December 21st 2011
Whoever thought that one difference in appearance could alter the thought process of everyone around you?
Whoever thought I would be suffering this long. I ask why I was chosen to undergo the vicious battle of verbal abuse. Coming home and putting a smile on my face so mama won’t say “What’s wrong baby” but as soon as the lights went out tears flooded my pillow.
Whoever thought as a senior in high school I would still be doing the same thing. “That’s elementary stuff” I told myself “It will get better “I said “People are more mature as you go higher into education”. My optimism kept me strong but reality soon set in.
The jokes got louder. The crowd of people laughing grew bigger. The words got even harsher than before. It’s like I was some sort of show, but all I really was, was a girl just trying to make. I wanted to be accepted not an outcast. I wanted people to look past appearance and find the girl who loved to dance in her room.
The nights of tears increased and the thoughts of one resolution become the only thought in my mind. I felt like I wasn’t good enough. What was my sole purpose on this earth if all people ever saw was what was on the outside? I wasn’t strong enough to fight this battle. I wasn’t strong enough to continue to live this life of ridicule and verbal abuse. The words I had heard were pierced into my brain never to leave my mind.

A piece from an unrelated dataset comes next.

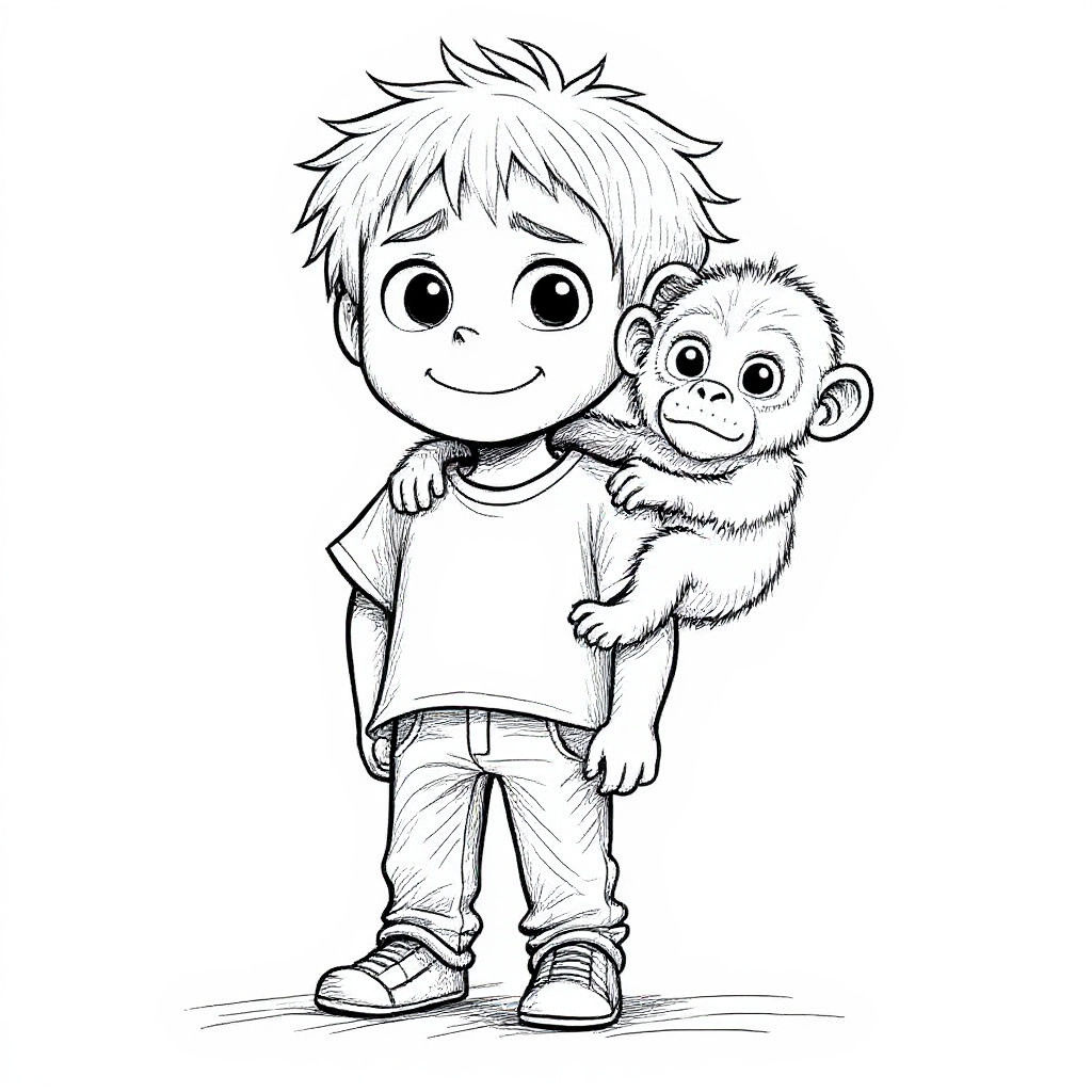 This image shows a simple black and white line drawing of a boy and monkey, designed in a cute comic style suitable for a children's coloring book. The illustration focuses on clean outlines and high contrast.

I was TIRED! I was ready for it to be over. I was ready. Everything was planned. It was finally going to be over. The hatred! The abuse! The bullying! None of that would matter anymore. I wouldn’t be able to hear it anymore. What’s the point if I’m not good enough? What the point if I was have no purpose here. All I was doing was taking up space. It would all be over soon. No one can bother if you’re dead right?
My life was crumbling into pieces. There was no point.
The day had come. It would finally be over. I was about to start then suddenly I hear my mother say “We have to take her to the hospital” I push my plan aside and go to the hospital. Emergency surgery was needed. I got down on my knees and started to pray (which I hadn’t done in a long time) Few minutes later the doctor comes out and says “are you ready to see your niece”. December 21st 2011 at 9 am my beautiful niece was born. I looked into her big beautiful brown eyes and said “I can’t leave her in the world of hatred alone”. At that moment I realized my sole purpose was to be there for the little girl. Be the aunt that would protect her from everything.
After that moment all the words of hatred, all the insecurities didn’t mean a thing. All that mattered was the beautiful angel that had been brought into this world.
I canceled my plan of suicide and lived my life despite of all the hard ships to come because I knew at the end of the day I would have a beautiful niece that would love me no matter how I looked.